**Instructions for the task**
Reproduce exactly the first line of the material below and every line after it, ending with the line that contains "12日に野人さんが視察と講習". No pictures should be copied.

**Data**
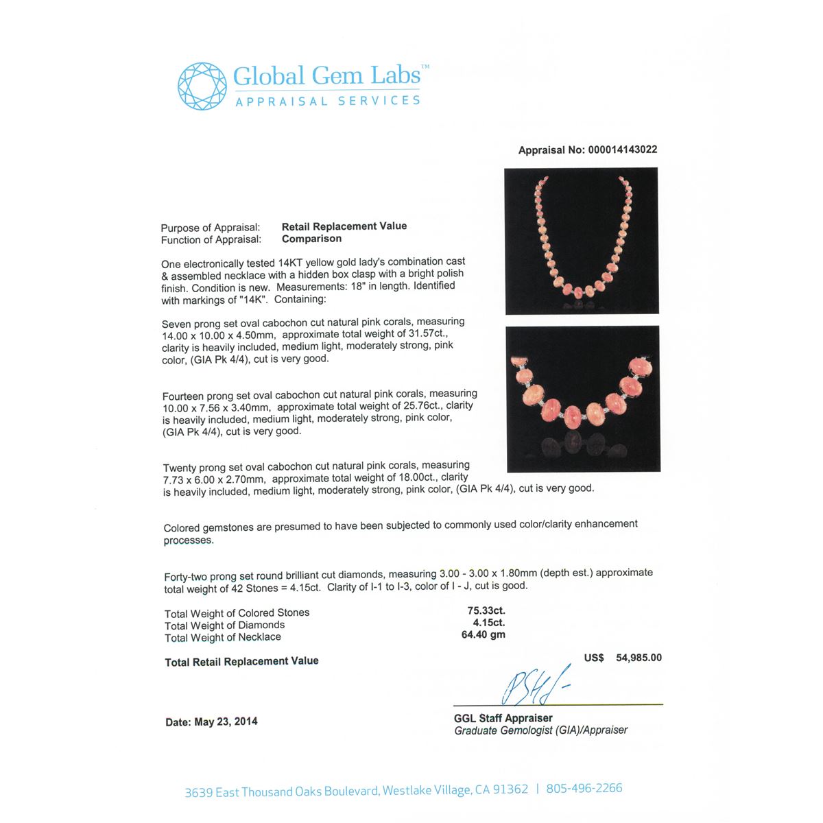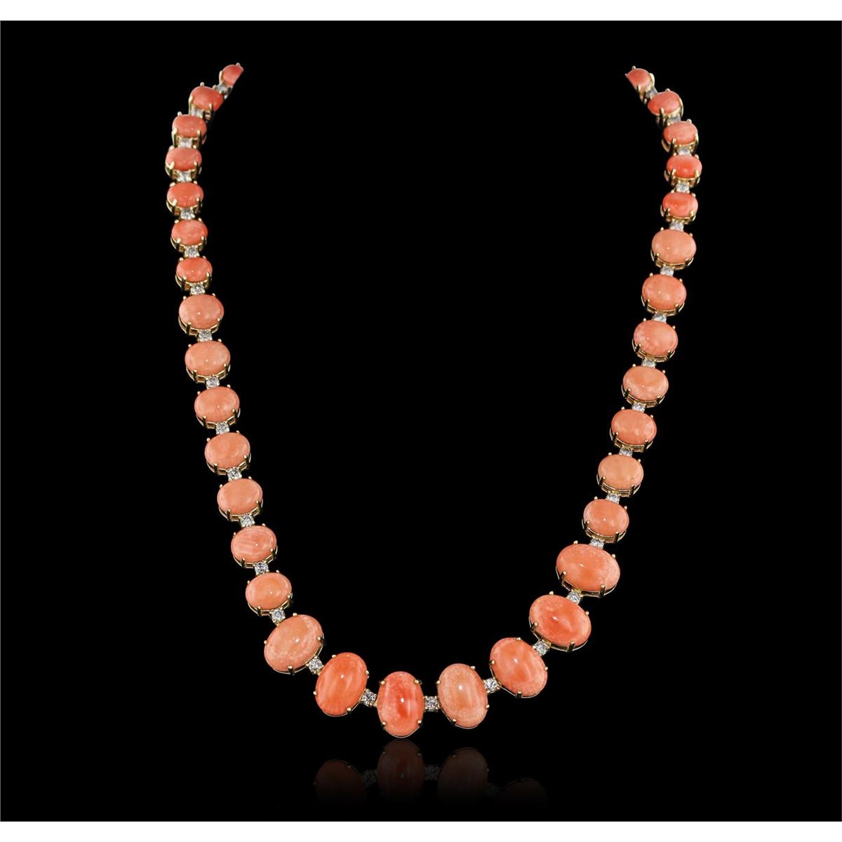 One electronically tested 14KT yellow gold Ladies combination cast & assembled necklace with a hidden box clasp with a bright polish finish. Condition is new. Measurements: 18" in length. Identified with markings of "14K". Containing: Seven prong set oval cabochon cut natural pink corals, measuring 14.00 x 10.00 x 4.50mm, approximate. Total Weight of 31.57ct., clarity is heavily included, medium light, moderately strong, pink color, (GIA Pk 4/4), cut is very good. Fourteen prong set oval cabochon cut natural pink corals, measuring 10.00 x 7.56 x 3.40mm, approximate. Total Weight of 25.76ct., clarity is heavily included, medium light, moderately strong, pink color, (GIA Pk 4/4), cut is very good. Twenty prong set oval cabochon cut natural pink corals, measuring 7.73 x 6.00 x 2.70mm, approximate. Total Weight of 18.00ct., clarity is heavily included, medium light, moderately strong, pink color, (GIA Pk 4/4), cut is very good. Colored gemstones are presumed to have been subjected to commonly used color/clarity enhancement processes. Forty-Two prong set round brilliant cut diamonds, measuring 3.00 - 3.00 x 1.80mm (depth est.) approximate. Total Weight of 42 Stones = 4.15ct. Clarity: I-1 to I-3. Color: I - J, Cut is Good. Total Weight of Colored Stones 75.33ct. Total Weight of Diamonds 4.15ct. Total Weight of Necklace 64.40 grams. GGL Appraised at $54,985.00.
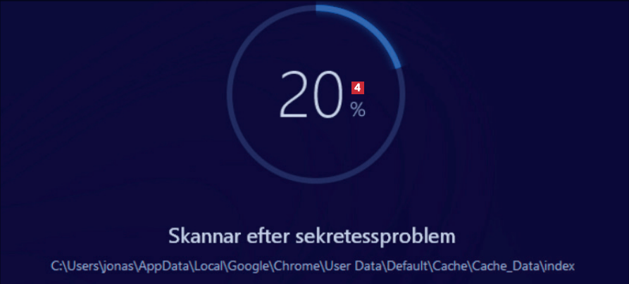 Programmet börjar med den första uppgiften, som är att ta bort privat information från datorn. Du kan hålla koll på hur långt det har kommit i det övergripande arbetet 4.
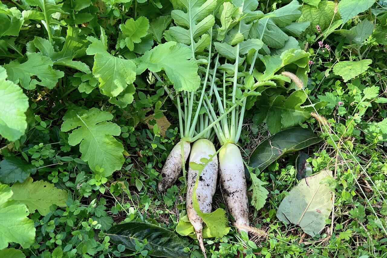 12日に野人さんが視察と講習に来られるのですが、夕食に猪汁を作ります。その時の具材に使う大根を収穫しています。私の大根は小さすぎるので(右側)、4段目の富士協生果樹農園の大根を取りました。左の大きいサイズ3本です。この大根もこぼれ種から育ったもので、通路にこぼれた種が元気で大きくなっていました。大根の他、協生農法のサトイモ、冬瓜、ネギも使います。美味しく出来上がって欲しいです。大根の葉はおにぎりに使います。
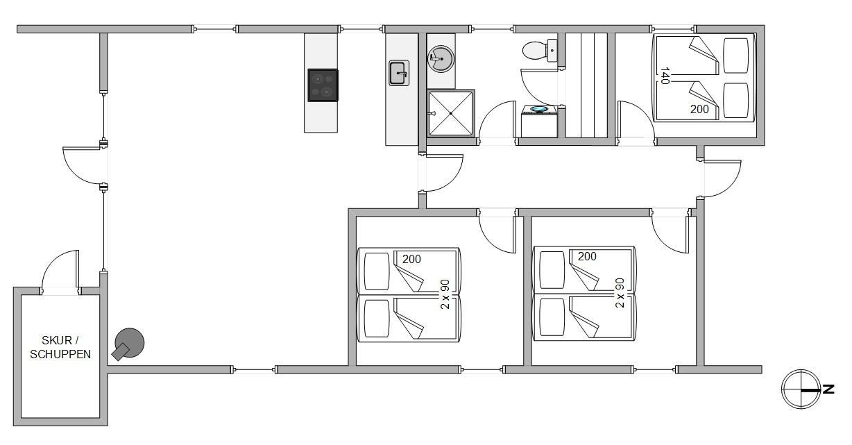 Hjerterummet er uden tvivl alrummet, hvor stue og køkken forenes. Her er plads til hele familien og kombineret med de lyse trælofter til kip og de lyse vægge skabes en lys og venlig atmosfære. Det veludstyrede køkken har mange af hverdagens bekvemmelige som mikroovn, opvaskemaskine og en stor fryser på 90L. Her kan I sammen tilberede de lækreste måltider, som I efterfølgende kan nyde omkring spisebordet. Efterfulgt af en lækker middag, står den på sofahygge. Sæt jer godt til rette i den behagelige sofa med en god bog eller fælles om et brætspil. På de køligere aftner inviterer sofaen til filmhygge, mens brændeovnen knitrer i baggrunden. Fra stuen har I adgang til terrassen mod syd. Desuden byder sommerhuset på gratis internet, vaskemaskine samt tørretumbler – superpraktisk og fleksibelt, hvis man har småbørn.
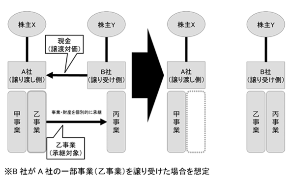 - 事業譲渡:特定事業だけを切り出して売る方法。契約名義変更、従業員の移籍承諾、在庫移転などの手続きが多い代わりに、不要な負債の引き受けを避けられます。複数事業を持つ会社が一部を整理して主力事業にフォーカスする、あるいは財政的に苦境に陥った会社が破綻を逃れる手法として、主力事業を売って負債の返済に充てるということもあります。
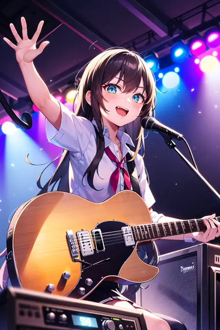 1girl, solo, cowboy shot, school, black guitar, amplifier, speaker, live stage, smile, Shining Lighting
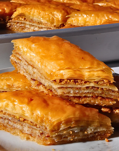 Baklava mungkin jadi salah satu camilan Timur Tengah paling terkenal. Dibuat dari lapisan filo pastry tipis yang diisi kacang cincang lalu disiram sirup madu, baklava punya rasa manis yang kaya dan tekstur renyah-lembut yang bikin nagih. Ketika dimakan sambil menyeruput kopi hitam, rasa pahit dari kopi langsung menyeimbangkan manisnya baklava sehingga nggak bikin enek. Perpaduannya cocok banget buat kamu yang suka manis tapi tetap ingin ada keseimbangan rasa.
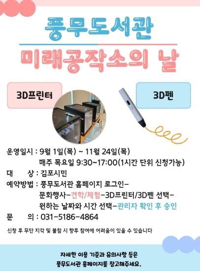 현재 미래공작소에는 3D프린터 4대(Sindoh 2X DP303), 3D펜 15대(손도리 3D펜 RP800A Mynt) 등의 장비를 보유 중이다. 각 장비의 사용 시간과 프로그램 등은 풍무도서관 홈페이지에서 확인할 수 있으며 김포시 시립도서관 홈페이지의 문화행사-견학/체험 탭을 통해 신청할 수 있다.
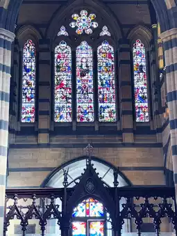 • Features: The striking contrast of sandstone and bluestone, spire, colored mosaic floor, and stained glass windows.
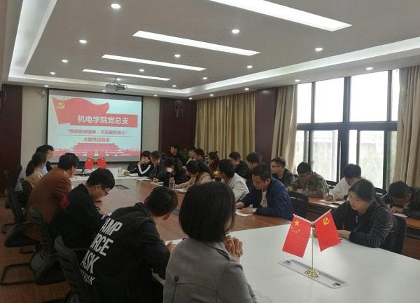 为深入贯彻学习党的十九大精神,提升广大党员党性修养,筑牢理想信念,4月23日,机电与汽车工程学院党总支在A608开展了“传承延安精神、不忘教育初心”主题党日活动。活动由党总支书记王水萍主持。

**Solution to this task**
 One electronically tested 14KT yellow gold Ladies combination cast & assembled necklace with a hidden box clasp with a bright polish finish. Condition is new. Measurements: 18" in length. Identified with markings of "14K". Containing: Seven prong set oval cabochon cut natural pink corals, measuring 14.00 x 10.00 x 4.50mm, approximate. Total Weight of 31.57ct., clarity is heavily included, medium light, moderately strong, pink color, (GIA Pk 4/4), cut is very good. Fourteen prong set oval cabochon cut natural pink corals, measuring 10.00 x 7.56 x 3.40mm, approximate. Total Weight of 25.76ct., clarity is heavily included, medium light, moderately strong, pink color, (GIA Pk 4/4), cut is very good. Twenty prong set oval cabochon cut natural pink corals, measuring 7.73 x 6.00 x 2.70mm, approximate. Total Weight of 18.00ct., clarity is heavily included, medium light, moderately strong, pink color, (GIA Pk 4/4), cut is very good. Colored gemstones are presumed to have been subjected to commonly used color/clarity enhancement processes. Forty-Two prong set round brilliant cut diamonds, measuring 3.00 - 3.00 x 1.80mm (depth est.) approximate. Total Weight of 42 Stones = 4.15ct. Clarity: I-1 to I-3. Color: I - J, Cut is Good. Total Weight of Colored Stones 75.33ct. Total Weight of Diamonds 4.15ct. Total Weight of Necklace 64.40 grams. GGL Appraised at $54,985.00.
 Programmet börjar med den första uppgiften, som är att ta bort privat information från datorn. Du kan hålla koll på hur långt det har kommit i det övergripande arbetet 4.
 12日に野人さんが視察と講習に来られるのですが、夕食に猪汁を作ります。その時の具材に使う大根を収穫しています。私の大根は小さすぎるので(右側)、4段目の富士協生果樹農園の大根を取りました。左の大きいサイズ3本です。この大根もこぼれ種から育ったもので、通路にこぼれた種が元気で大きくなっていました。大根の他、協生農法のサトイモ、冬瓜、ネギも使います。美味しく出来上がって欲しいです。大根の葉はおにぎりに使います。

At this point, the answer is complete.